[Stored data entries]
◆ ◆ ◆
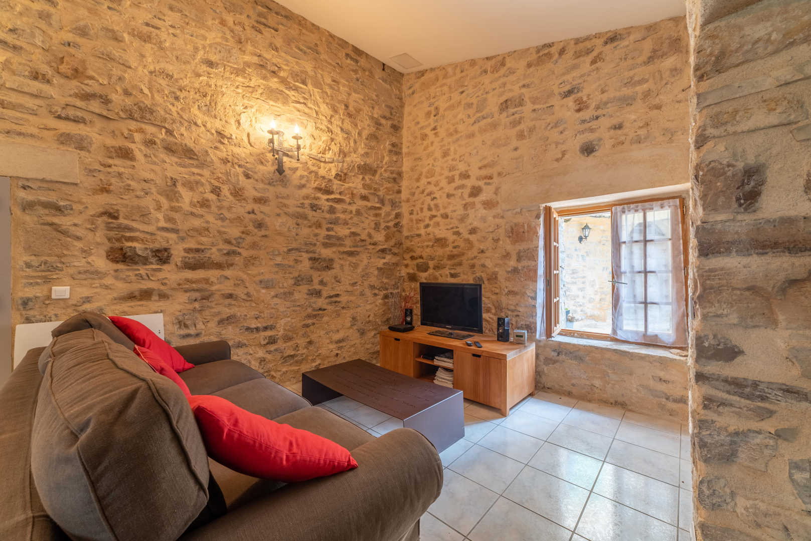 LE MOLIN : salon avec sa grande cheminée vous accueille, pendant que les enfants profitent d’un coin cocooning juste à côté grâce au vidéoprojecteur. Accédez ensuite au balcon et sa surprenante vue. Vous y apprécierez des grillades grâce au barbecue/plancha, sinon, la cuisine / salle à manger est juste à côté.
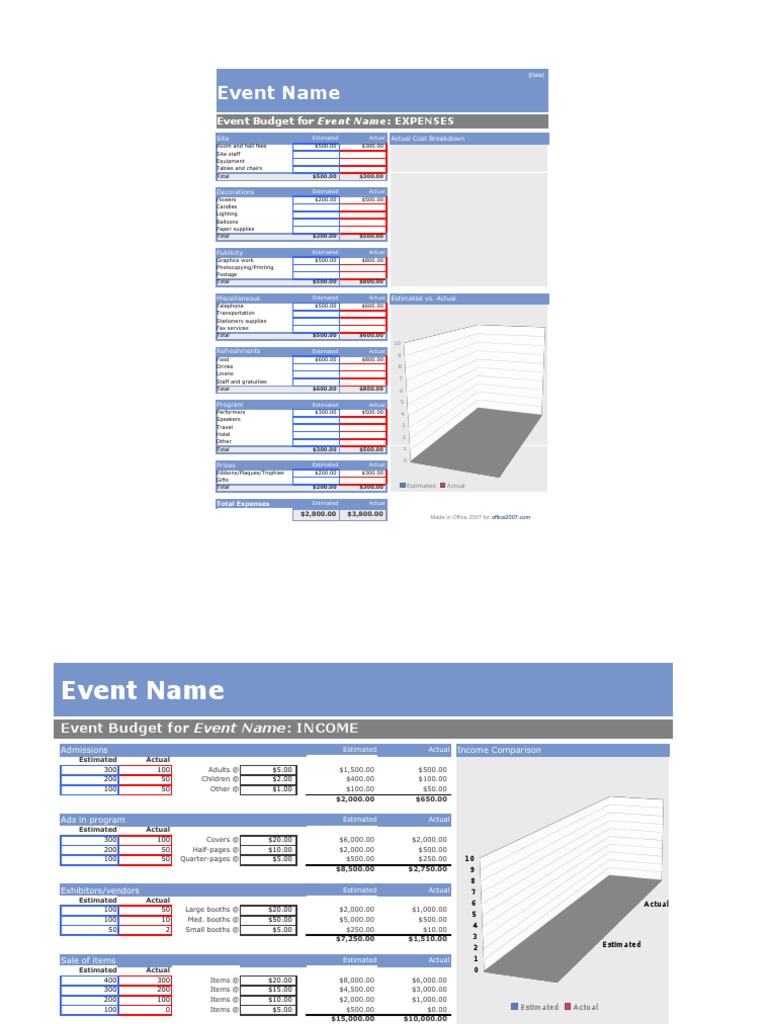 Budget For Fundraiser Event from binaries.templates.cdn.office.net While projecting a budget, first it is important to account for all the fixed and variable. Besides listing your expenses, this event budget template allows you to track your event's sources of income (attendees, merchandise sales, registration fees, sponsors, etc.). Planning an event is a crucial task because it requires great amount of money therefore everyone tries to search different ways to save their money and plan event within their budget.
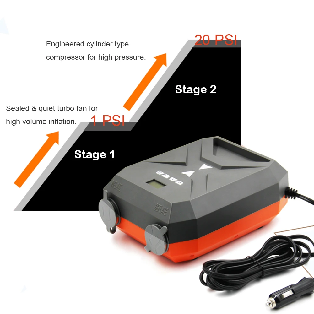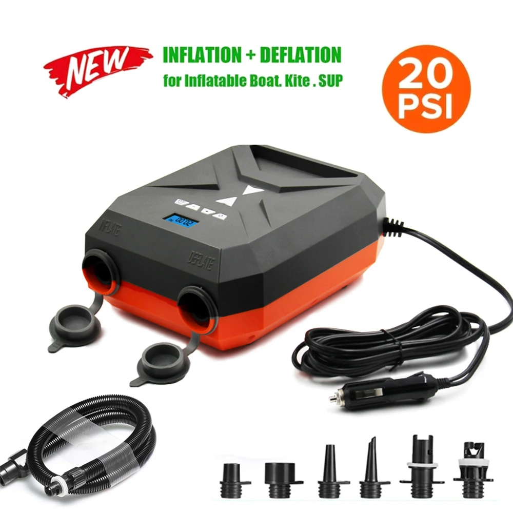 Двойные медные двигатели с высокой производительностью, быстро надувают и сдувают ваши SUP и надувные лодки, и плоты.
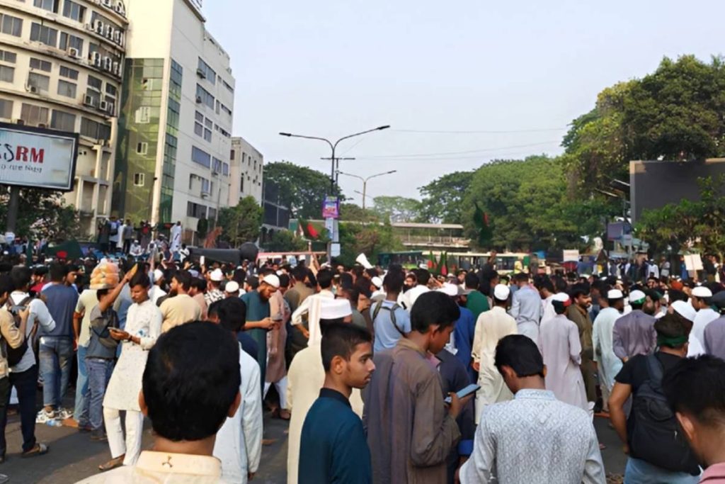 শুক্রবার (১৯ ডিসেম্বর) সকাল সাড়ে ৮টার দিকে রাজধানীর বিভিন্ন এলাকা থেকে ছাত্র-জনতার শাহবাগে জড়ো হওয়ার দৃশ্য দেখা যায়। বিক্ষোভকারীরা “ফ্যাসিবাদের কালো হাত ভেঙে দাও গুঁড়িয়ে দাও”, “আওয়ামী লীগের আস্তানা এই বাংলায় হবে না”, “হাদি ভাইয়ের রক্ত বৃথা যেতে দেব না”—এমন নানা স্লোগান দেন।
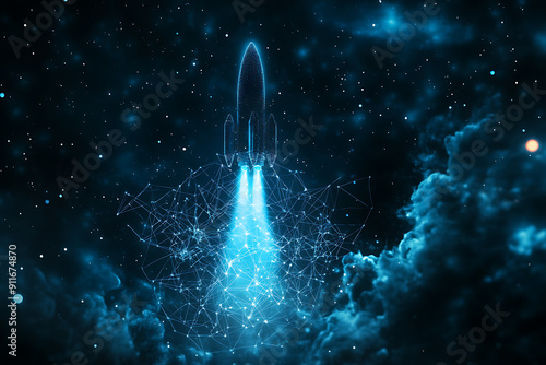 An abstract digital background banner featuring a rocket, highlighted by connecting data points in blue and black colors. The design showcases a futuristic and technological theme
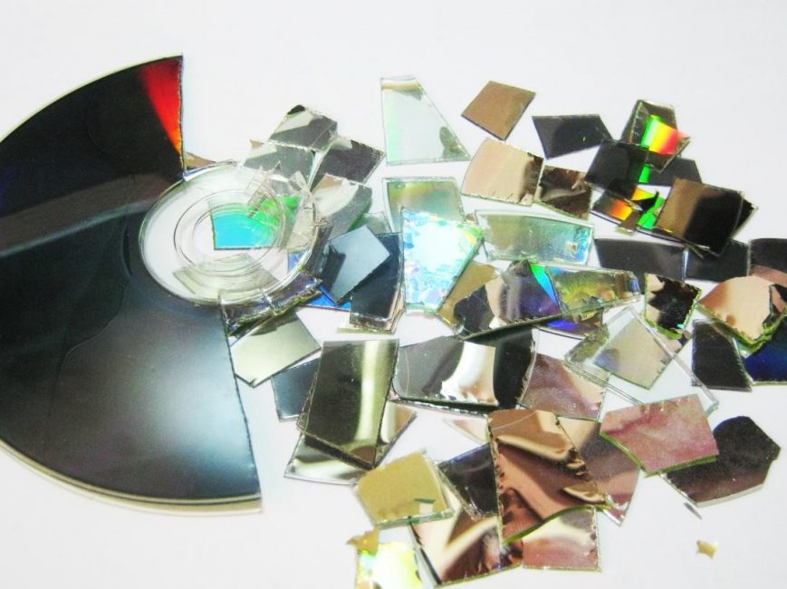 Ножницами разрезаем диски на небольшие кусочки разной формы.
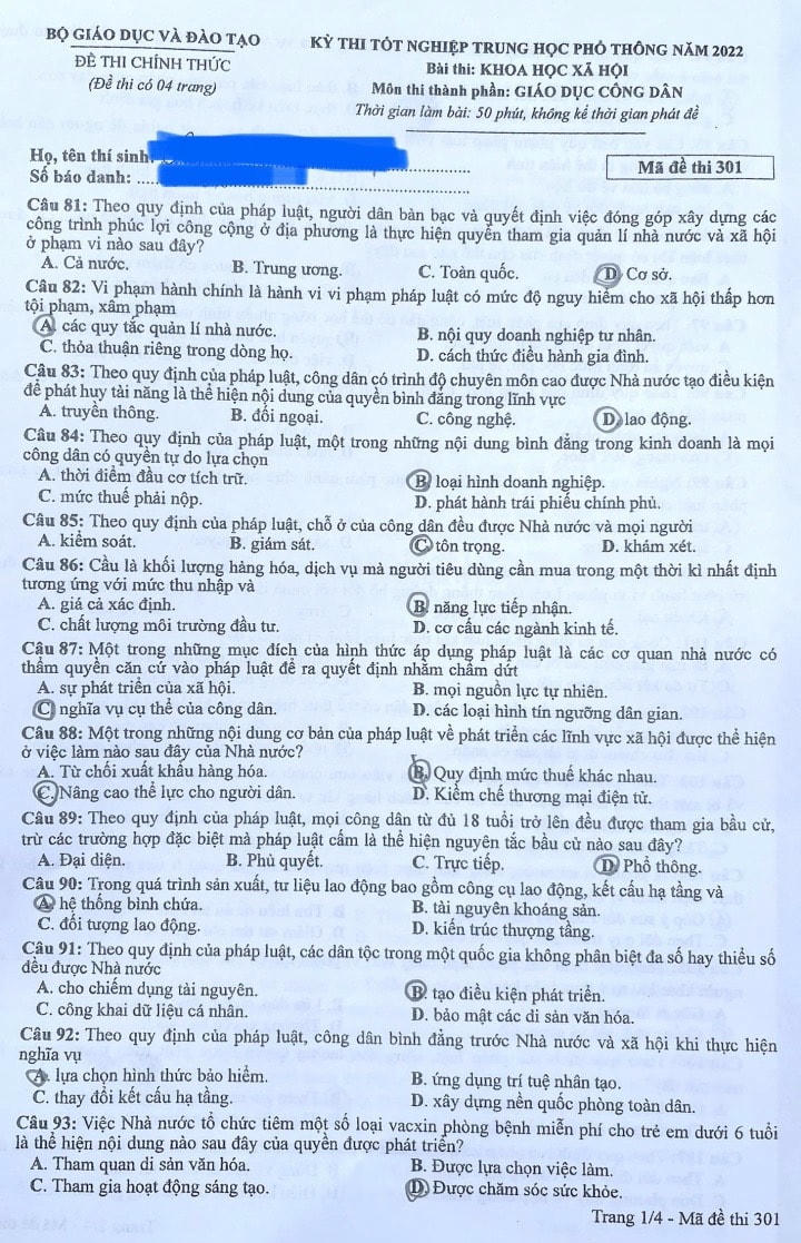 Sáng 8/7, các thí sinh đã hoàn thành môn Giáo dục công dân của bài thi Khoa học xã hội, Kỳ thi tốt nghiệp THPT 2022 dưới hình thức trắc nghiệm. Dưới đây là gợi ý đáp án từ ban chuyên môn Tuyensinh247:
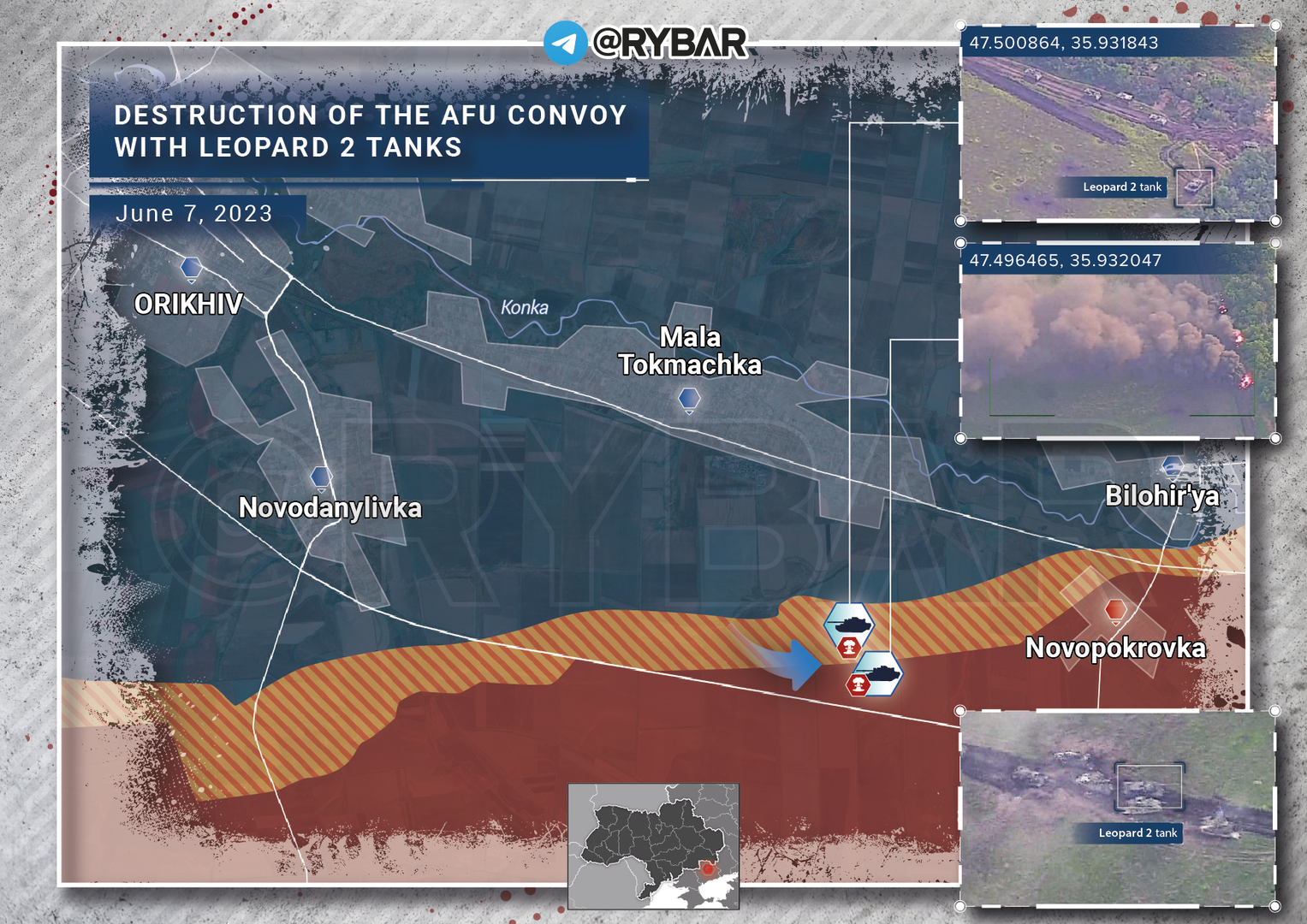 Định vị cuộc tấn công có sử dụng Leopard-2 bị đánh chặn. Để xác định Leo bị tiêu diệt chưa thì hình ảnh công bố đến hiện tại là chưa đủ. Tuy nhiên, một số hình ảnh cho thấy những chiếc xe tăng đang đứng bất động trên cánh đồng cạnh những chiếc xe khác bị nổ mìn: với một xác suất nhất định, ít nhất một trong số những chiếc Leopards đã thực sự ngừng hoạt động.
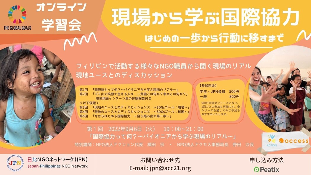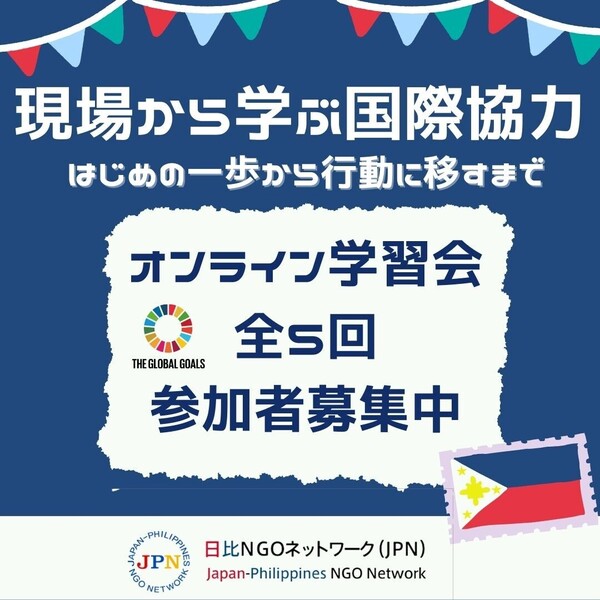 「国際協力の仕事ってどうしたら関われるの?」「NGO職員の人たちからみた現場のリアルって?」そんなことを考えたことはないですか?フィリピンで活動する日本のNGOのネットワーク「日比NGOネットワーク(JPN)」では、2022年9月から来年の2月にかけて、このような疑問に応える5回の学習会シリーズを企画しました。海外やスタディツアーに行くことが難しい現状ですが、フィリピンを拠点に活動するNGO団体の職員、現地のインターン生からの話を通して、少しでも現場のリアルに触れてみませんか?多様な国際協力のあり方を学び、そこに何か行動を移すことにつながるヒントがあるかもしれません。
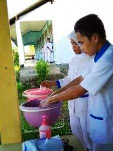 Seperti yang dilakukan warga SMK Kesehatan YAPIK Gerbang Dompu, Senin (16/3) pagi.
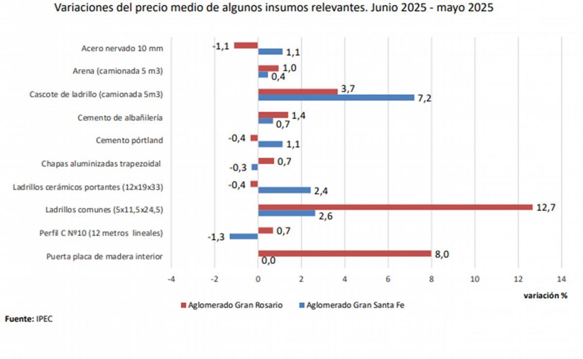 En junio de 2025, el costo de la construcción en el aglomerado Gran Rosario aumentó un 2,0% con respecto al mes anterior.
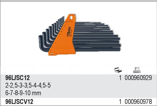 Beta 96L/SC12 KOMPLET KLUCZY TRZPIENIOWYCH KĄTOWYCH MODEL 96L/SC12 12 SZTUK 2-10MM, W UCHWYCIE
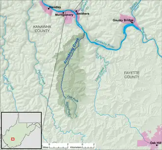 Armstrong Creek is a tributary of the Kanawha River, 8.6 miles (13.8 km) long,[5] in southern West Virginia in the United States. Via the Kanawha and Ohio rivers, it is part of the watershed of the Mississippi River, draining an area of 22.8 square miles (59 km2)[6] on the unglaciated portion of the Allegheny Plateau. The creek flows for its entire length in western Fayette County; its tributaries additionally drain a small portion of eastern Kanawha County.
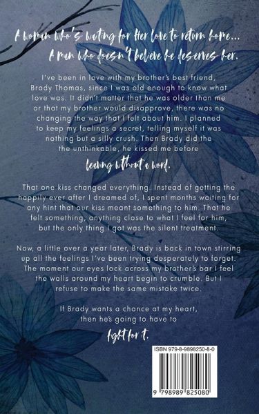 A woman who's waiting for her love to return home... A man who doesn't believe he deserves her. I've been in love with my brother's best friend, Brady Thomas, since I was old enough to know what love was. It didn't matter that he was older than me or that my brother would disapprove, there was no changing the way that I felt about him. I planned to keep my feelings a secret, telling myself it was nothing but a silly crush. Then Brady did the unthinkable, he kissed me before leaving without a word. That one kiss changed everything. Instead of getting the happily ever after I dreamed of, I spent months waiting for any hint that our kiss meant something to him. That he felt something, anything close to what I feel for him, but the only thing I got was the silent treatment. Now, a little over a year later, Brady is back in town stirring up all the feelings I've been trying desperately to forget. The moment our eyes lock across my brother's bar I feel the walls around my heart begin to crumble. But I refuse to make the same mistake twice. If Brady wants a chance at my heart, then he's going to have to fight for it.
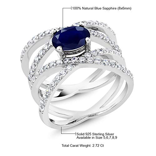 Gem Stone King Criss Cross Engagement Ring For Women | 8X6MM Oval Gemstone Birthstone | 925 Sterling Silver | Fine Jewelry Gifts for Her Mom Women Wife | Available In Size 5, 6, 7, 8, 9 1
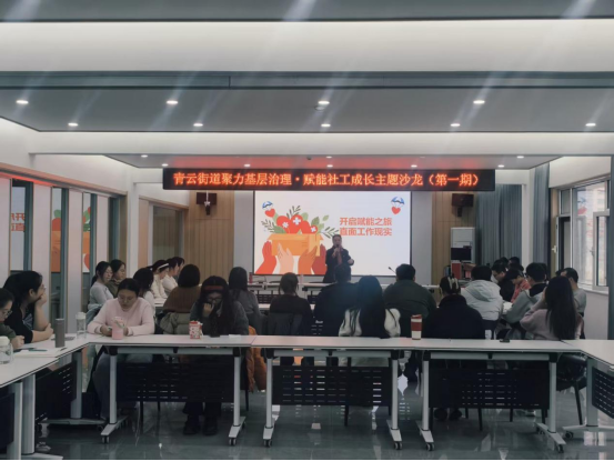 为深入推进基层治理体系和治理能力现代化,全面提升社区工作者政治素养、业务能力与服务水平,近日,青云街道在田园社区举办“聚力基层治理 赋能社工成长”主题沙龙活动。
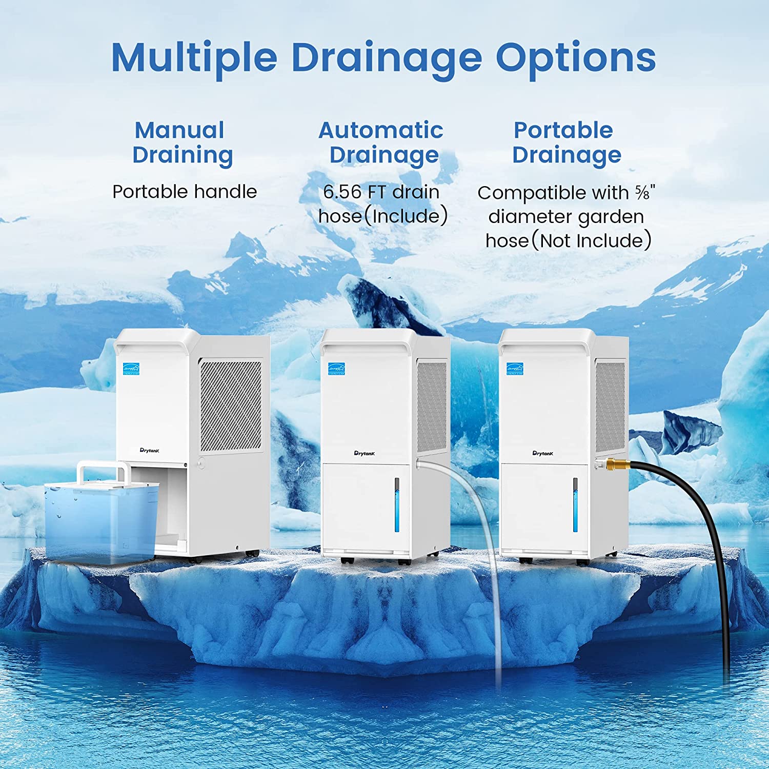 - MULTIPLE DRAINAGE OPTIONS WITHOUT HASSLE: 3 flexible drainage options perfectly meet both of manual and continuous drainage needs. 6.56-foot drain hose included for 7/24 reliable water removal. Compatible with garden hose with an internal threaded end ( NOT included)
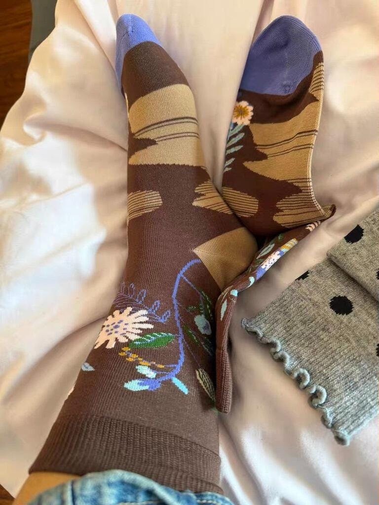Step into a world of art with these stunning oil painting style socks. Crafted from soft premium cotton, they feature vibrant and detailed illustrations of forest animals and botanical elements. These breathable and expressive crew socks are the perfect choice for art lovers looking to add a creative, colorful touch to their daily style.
◆ ◆ ◆
> **What needs to be done**
The entries above, every one of them, should be retyped exactly, with no pictures carried over.

> **Result for this exercise**
 LE MOLIN : salon avec sa grande cheminée vous accueille, pendant que les enfants profitent d’un coin cocooning juste à côté grâce au vidéoprojecteur. Accédez ensuite au balcon et sa surprenante vue. Vous y apprécierez des grillades grâce au barbecue/plancha, sinon, la cuisine / salle à manger est juste à côté.
 Budget For Fundraiser Event from binaries.templates.cdn.office.net While projecting a budget, first it is important to account for all the fixed and variable. Besides listing your expenses, this event budget template allows you to track your event's sources of income (attendees, merchandise sales, registration fees, sponsors, etc.). Planning an event is a crucial task because it requires great amount of money therefore everyone tries to search different ways to save their money and plan event within their budget.
 Двойные медные двигатели с высокой производительностью, быстро надувают и сдувают ваши SUP и надувные лодки, и плоты.
 শুক্রবার (১৯ ডিসেম্বর) সকাল সাড়ে ৮টার দিকে রাজধানীর বিভিন্ন এলাকা থেকে ছাত্র-জনতার শাহবাগে জড়ো হওয়ার দৃশ্য দেখা যায়। বিক্ষোভকারীরা “ফ্যাসিবাদের কালো হাত ভেঙে দাও গুঁড়িয়ে দাও”, “আওয়ামী লীগের আস্তানা এই বাংলায় হবে না”, “হাদি ভাইয়ের রক্ত বৃথা যেতে দেব না”—এমন নানা স্লোগান দেন।
 An abstract digital background banner featuring a rocket, highlighted by connecting data points in blue and black colors. The design showcases a futuristic and technological theme
 Ножницами разрезаем диски на небольшие кусочки разной формы.
 Sáng 8/7, các thí sinh đã hoàn thành môn Giáo dục công dân của bài thi Khoa học xã hội, Kỳ thi tốt nghiệp THPT 2022 dưới hình thức trắc nghiệm. Dưới đây là gợi ý đáp án từ ban chuyên môn Tuyensinh247:
 Định vị cuộc tấn công có sử dụng Leopard-2 bị đánh chặn. Để xác định Leo bị tiêu diệt chưa thì hình ảnh công bố đến hiện tại là chưa đủ. Tuy nhiên, một số hình ảnh cho thấy những chiếc xe tăng đang đứng bất động trên cánh đồng cạnh những chiếc xe khác bị nổ mìn: với một xác suất nhất định, ít nhất một trong số những chiếc Leopards đã thực sự ngừng hoạt động.
 「国際協力の仕事ってどうしたら関われるの?」「NGO職員の人たちからみた現場のリアルって?」そんなことを考えたことはないですか?フィリピンで活動する日本のNGOのネットワーク「日比NGOネットワーク(JPN)」では、2022年9月から来年の2月にかけて、このような疑問に応える5回の学習会シリーズを企画しました。海外やスタディツアーに行くことが難しい現状ですが、フィリピンを拠点に活動するNGO団体の職員、現地のインターン生からの話を通して、少しでも現場のリアルに触れてみませんか?多様な国際協力のあり方を学び、そこに何か行動を移すことにつながるヒントがあるかもしれません。
 Seperti yang dilakukan warga SMK Kesehatan YAPIK Gerbang Dompu, Senin (16/3) pagi.
 En junio de 2025, el costo de la construcción en el aglomerado Gran Rosario aumentó un 2,0% con respecto al mes anterior.
 Beta 96L/SC12 KOMPLET KLUCZY TRZPIENIOWYCH KĄTOWYCH MODEL 96L/SC12 12 SZTUK 2-10MM, W UCHWYCIE
 Armstrong Creek is a tributary of the Kanawha River, 8.6 miles (13.8 km) long,[5] in southern West Virginia in the United States. Via the Kanawha and Ohio rivers, it is part of the watershed of the Mississippi River, draining an area of 22.8 square miles (59 km2)[6] on the unglaciated portion of the Allegheny Plateau. The creek flows for its entire length in western Fayette County; its tributaries additionally drain a small portion of eastern Kanawha County.
 A woman who's waiting for her love to return home... A man who doesn't believe he deserves her. I've been in love with my brother's best friend, Brady Thomas, since I was old enough to know what love was. It didn't matter that he was older than me or that my brother would disapprove, there was no changing the way that I felt about him. I planned to keep my feelings a secret, telling myself it was nothing but a silly crush. Then Brady did the unthinkable, he kissed me before leaving without a word. That one kiss changed everything. Instead of getting the happily ever after I dreamed of, I spent months waiting for any hint that our kiss meant something to him. That he felt something, anything close to what I feel for him, but the only thing I got was the silent treatment. Now, a little over a year later, Brady is back in town stirring up all the feelings I've been trying desperately to forget. The moment our eyes lock across my brother's bar I feel the walls around my heart begin to crumble. But I refuse to make the same mistake twice. If Brady wants a chance at my heart, then he's going to have to fight for it.
 Gem Stone King Criss Cross Engagement Ring For Women | 8X6MM Oval Gemstone Birthstone | 925 Sterling Silver | Fine Jewelry Gifts for Her Mom Women Wife | Available In Size 5, 6, 7, 8, 9 1
 为深入推进基层治理体系和治理能力现代化,全面提升社区工作者政治素养、业务能力与服务水平,近日,青云街道在田园社区举办“聚力基层治理 赋能社工成长”主题沙龙活动。
 - MULTIPLE DRAINAGE OPTIONS WITHOUT HASSLE: 3 flexible drainage options perfectly meet both of manual and continuous drainage needs. 6.56-foot drain hose included for 7/24 reliable water removal. Compatible with garden hose with an internal threaded end ( NOT included)
Step into a world of art with these stunning oil painting style socks. Crafted from soft premium cotton, they feature vibrant and detailed illustrations of forest animals and botanical elements. These breathable and expressive crew socks are the perfect choice for art lovers looking to add a creative, colorful touch to their daily style.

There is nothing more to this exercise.